#### Task item
Once the line with "Декоративное панно Маски_" is found in the data, output it and each following line exactly, up to and including the line with "China's Yao Ming", and nothing before or after.

#### Data for this task
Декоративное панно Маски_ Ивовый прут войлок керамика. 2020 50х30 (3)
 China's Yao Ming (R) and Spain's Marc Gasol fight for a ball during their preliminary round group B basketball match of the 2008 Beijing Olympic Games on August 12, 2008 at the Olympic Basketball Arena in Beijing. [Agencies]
* * *
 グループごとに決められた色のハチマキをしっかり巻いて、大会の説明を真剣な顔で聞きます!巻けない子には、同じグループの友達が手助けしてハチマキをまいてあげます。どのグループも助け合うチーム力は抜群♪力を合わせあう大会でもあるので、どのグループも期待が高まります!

#### Task solution
Декоративное панно Маски_ Ивовый прут войлок керамика. 2020 50х30 (3)
 China's Yao Ming (R) and Spain's Marc Gasol fight for a ball during their preliminary round group B basketball match of the 2008 Beijing Olympic Games on August 12, 2008 at the Olympic Basketball Arena in Beijing. [Agencies]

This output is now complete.